Insight into the B3Transcription Factor Superfamily and Expression Profiling of B3 Genes in Axillary Buds after Topping in Tobacco (Nicotiana tabacum L.)
, Junhua Hu 1,2,3,†, Mengmeng Cui 1,2, Guanshan Liu 1,2, Dawei Wang 1,2,* and Yuhe Sun 1,2,*Round 1
Reviewer 1 Report
Dear Authors,
I appreciate the opportunity to review this interesting report on insight into B3 transcription factor superfamily and expression profiling of B3 genes in axillary buds after topping in tobacco. I commend the authors for a number of strengths of their work. The presentation of the paper is clear. The conclusions are supported by the results. However, the 1000 bootstrap used for phylogenetic tree is not enough. Generally, the bootstrap should be over 106 .
Author Response
Point 1: '......However, the 1000 bootstrap used for phylogenetic tree is not enough. Generally, the bootstrap should be over 106.'
Responce 1: Actually, the 1,000 bootstrap replicates are enough for the normal phylogenetic analysis. The phylogenetic analysis on many gene families was all performed by using MEGA program with boot-strap value of 1000 replicates, such as ARFs in paper [1] and [2], GRAS in paper [3], etc.

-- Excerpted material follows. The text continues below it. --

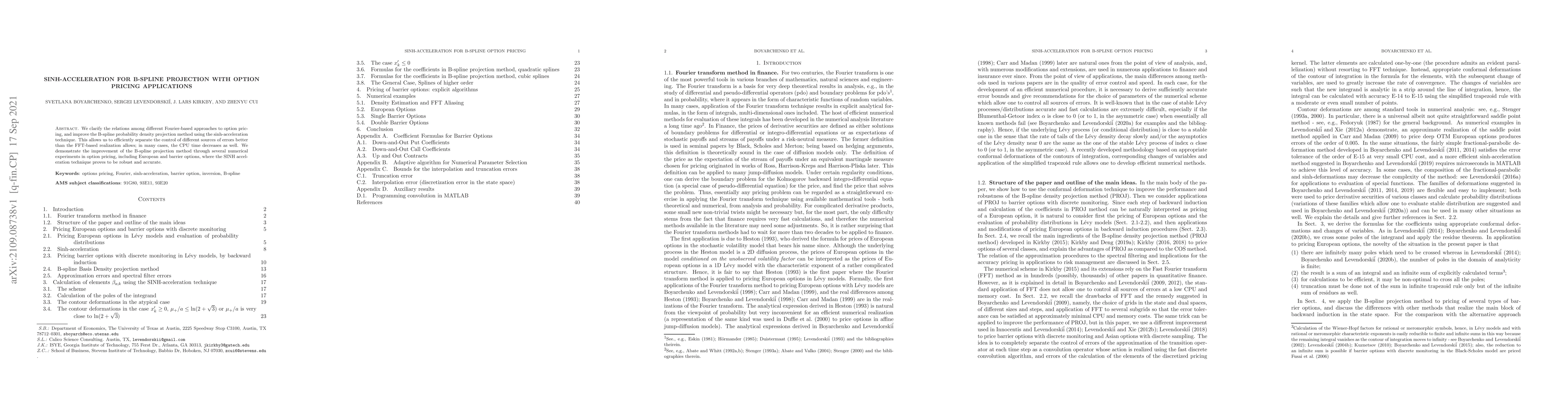 We clarify the relations among different Fourier-based approaches to option pricing, and improve the B-spline probability density projection method using the sinh-acceleration technique. This allows us to efficiently separate the control of different sources of errors better than the FFT-based realization allows; in many cases, the CPU time decreases as well. We demonstrate the improvement of the B-spline projection method through several numerical experiments in option pricing, including European and barrier options, where the SINH acceleration technique proves to be robust and accurate.

1. Zhou, X.; Wu, X.; Li, T.; Jia, M.; Liu, X.; Zou, Y.; Liu, Z.; Wen, F. Identification, characterization, and expression analysis of auxin response factor (ARF) gene family in Brachypodium distachyon. Functional & integrative genomics 2018, 10.1007/s10142-018-0622-z, doi:10.1007/s10142-018-0622-z.
2. Xiao, G.; He, P.; Zhao, P.; Liu, H.; Zhang, L.; Pang, C.; Yu, J. Genome-wide identification of the GhARF gene family reveals that GhARF2 and GhARF18 are involved in cotton fibre cell initiation. J Exp Bot 2018, 69, 4323-4337, doi:10.1093/jxb/ery219.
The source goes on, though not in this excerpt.